By pointer to an array we can access like this $(*a)[0]$,$(*a)[22]$,….. like this

right?

but how with array of pointer?


$2)$Check these three codes , one of them use array and one of them use array of pointer, and 3rd one using double pointer, but all giving same output. Why?? 

#include <stdio.h>
int ptr[12];
int main(void) {
if(*(ptr+5)==*(ptr+3)){
printf("Equal");
}
else{
printf("Not Equal");
}
return 0;
}
#include <stdio.h>
int *ptr[12];
int main(void) {
if(*(ptr+5)==*(ptr+3)){
printf("Equal");
}
else{
printf("Not Equal");
}
return 0;
}
#include <stdio.h>
int **ptr[12];
int main(void) {
if(*(ptr+5)==*(ptr+3)){
printf("Equal");
}
else{
printf("Not Equal");
}
return 0;
}
asked in Programming by Veteran (111k points) | 86 views
0
maa'm
i think here we defined array of pointer but not assign array value..........so in IF condition takes default value....

so Output: Equal

but i am not sure??
0

Program 1

int ptr[12];

ptr is the name of the array which acts as a constant pointer that points to the first element of the array. i.e. stores the address of $1^{st}$ element. 

(ptr+i) means move i address locations forward. $(ptr+i)^{*}$ means access the value present at that location.i.e. ptr[i] or i[ptr].

For eg if array's $1^{st}$ element is stored at 100 and int takes 2 bytes then (ptr+5) = 100 + 2*5 = 110 i.e. the address of the  $6^{th}$ element of the array and $(ptr+5)^{*}$ means access the value present at location 110. i.e ptr[5].

*(ptr+5)==*(ptr+3)

Since we have declared ptr as global.
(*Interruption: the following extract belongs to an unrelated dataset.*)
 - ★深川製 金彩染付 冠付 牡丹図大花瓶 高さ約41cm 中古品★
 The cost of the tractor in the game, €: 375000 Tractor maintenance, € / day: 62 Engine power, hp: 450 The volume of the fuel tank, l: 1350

So by default each element of the array will store 0 so this returns true.

-----------------------------------------------------------------------------------------------------------------------------------------------------------------------

Program 2

int *ptr[12];

Here ptr is an array of size 12 where each element of the array i.e. ptr[i] is a pointer that can point to an integer value.

So (ptr+i) means we move to the address location which is i steps ahead in the array.
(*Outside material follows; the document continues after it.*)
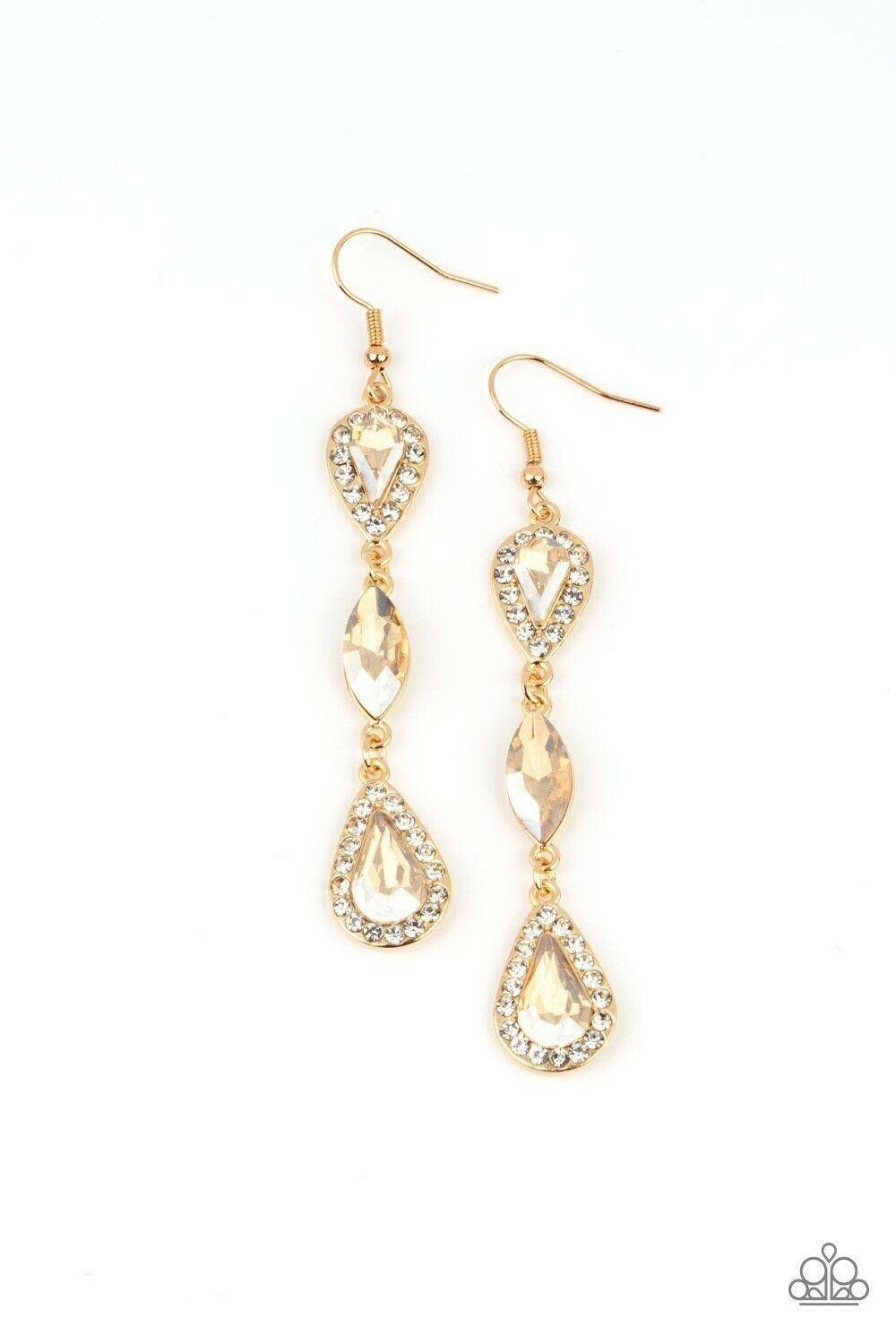 A trio of teardrop and marquis cut golden gems fall in succession from the ear. The teardrops are set in gold frames studded with white rhinestones for a sparkly finish. Earring attaches to a standard fishhook fitting.

For eg if array's $1^{st}$ element(i.e. a pointer) is stored at 1000 and int pointer takes 2 bytes then (ptr+5) = 1000 + 2*5 = 1010 i.e. the address of the  $6^{th}$ element(which is also a pointer i.e. stores an address) and $(ptr+5)^{*}$ means access the value present at location 1010. i.e ptr[5] which is also a location.

*(ptr+5)==*(ptr+3)

Since we have declared ptr as global. so by default each pointer i.e. each element of the pointer array will point to NULL so this returns true.

---------------------------------------------------------------------------------------------------------------------------------------------------------------------

Program 3

int **ptr[12];

Here ptr is an array of size 12 where each element of the array i.e. ptr[i] is a pointer that can point to a 1D array.
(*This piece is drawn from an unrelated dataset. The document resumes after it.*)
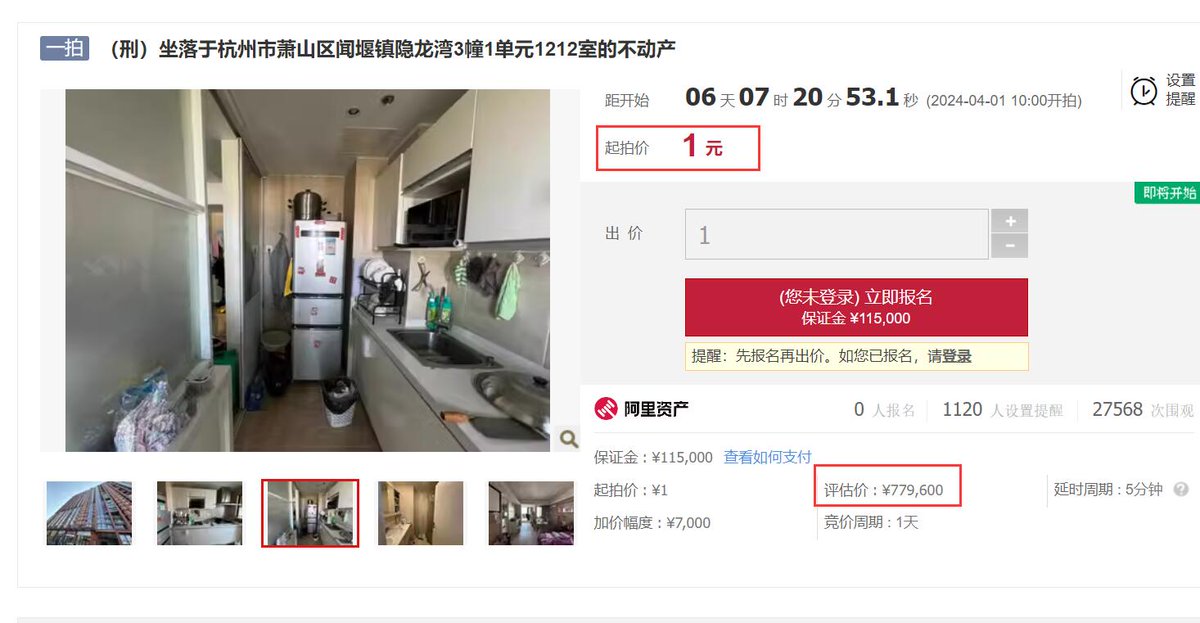 #杭州1元法拍房 目前该房77.9万元,位置虽然有点偏,但毕竟是仍属于杭州市区范围,1元起拍也就是说做好了成交价低于评估价的准备。

So (ptr+i) means we move to the address location which is i steps ahead in the array.

For eg if array's $1^{st}$ element(i.e. a pointer to 1D array) is stored at 1000 and int pointer takes 2 bytes then (ptr+5) = 1000 + 2*5 = 1010 i.e. the address of the  $6^{th}$ element(which is also a pointer to 1D array i.e. stores the address of starting location of an array) and $(ptr+5)^{*}$ means access the value present at location 1010. i.e ptr[5] which is also a address of 1D array.

*(ptr+5)==*(ptr+3)

Since we have declared ptr as global. so by default each pointer i.e. each element of the pointer array will point to NULL so this returns true.

1 Answer

+1 vote
Best answer

Program 1

int ptr[12];

$\rightarrow$ ptr is the name of the array which acts as a constant pointer that points to the first element of the array. i.e. stores the address of 1st element. 

$\rightarrow$   (ptr+i) means move i address locations forward.

$\rightarrow$  (ptr+i)∗ means access the value present at that location.i.e. ptr[i] or i[ptr].

$\rightarrow$ For eg if array's 1st element is stored at 100 and int takes 2 bytes then (ptr+5) = 100 + 2*5 = 110 i.e. the address of the  6th element of the array.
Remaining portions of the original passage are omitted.